A Trip To The National Portrait Gallery

I took the day off today to head to London and to potter around the National Portrait Gallery. It’s all very well keeping busy in retirement, going for long walks every day, painting most days, reading books in between and resisting the temptation to slob out on the sofa all day binge watching Tipping Point but you can still end up settling into a routine and wondering where your life’s gone. So I decided that I needed to start having the odd one-off, non-routine day every now and then. So that’s why I’ve not been painting today.

I made it all around the gallery in just under three hours but could have spent longer and did indeed go back round afterwards to take another look at some of my favourite pieces. I didn’t learn anything about painting but enjoyed seeming other people’s work. It felt like a history lesson at times, learning about all these famous subjects and, thanks to the skills of the artists, feeling in many cases that I’d met them face to face.

A worthy day out. Although a day in London chasing ducks would also have been worth it, just to get me out of the studio.

Anyway, let’s answer all your questions. Here we go…

Did I see portraits of any mathematical physicists? Yes!

Did I see any paintings of graduates of Christ’s College? Yes! Jan Smuts was in the background of one painting as an afterthought but there was also this one:

Did I see any paintings of actuaries! Yes!

Did I see any selfies by famous artists? What, like David Hockney, Tracey Emin or L.S.Lowry? Yes!

Did I see my portraits that looked like someone other than the subject? Well, unless this was meant to be Sonia from Eastenders, yes!

Did I see portraits of anyone I’ve painted? Yes! A terrible Stephen Hawking, passable versions of Amy Winehouse and Sir Winston Churchill and a truly magnificent Sir Bobby Charlton. All better than my versions, although my Churchill is better than the Hawking that I saw today.

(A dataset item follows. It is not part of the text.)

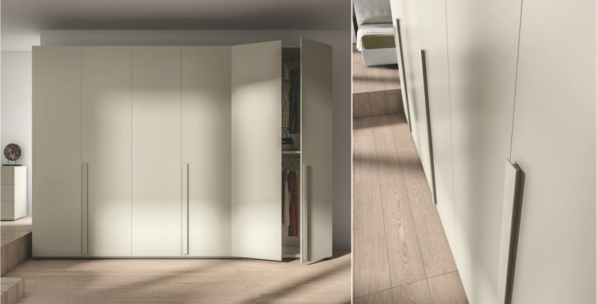 Armadio moderno a sei ante battenti, modello Easy 06, la qualita' si nota dai spessori impiegati, pannelli belle e ben curati nei particolari, una selezioni di materiali essenze, laminati materici con venature di legni in rilievo. La nostra offerta per questo mobile ha una lunghezza 261 cm. (sei ante da 60 cm. circa) Haltezza 258 cm. Profondita' 58 cm. interno sei ripiani movibili e una cassettiera a tre cassetti.
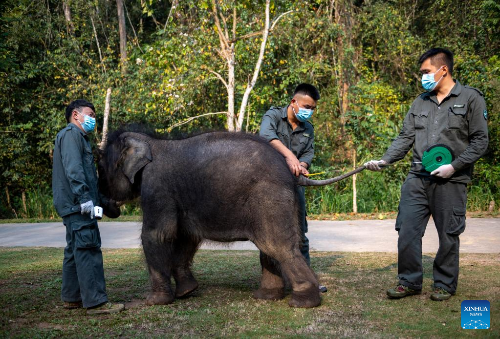 Wildlife conservation workers measure the tail of Asian elephant "Longlong" at the Asian Elephant Breeding and Rescue Center in Xishuangbanna Dai Autonomous Prefecture, southwest China's Yunnan Province, March 15, 2022.

Anything weird? Well, there were these:

What about weird sculptures? Yep.

Anything else to report? Well I quite liked this one:

And there’s this one. Lord Balfour pulling that poker face that doesn’t betray how his right arm has become detached:

This one that looks like a nightmare Elizabethan period strategy away day. Hold that pose guys while he completes the portrait, then we’ll get straight on to the ice breaker.

There were a lot of Tudor and Stewart portraits, many of them ones that I’d seen before. This one of Charles II was my favourite:

This one was the first painting I saw. I turned to the guy next to me and told him it must be AI generated. There’s no way that Henry VII, Guy Fawkes and three of Henry VIII’s wives were all in the same room at the same time. I was wrong. It was real and none of the people I thought I recognised were right.

This one was impressive. No cheating by putting down blobs for faces in the background. They’re all individual portraits.

Falklands veteran Simon Weston. Inspiring.

A self portrait of the artist painting a nude figure. Can’t remember who the artist was. Sorry!

Dame Judi Dench!

Another selfie by an artist I can’t remember the name of. In this one the artist is dressed like Andy Warhol.

A couple of portraits superimposed on each other, creating a sense of movement. Nice.

A bust of Henry Cooper.

And finally, this one of the recently departed Jane Goodall which I remember being painted on Portrait Artist Of The Year.

And those are all the photos I took. A day well spent.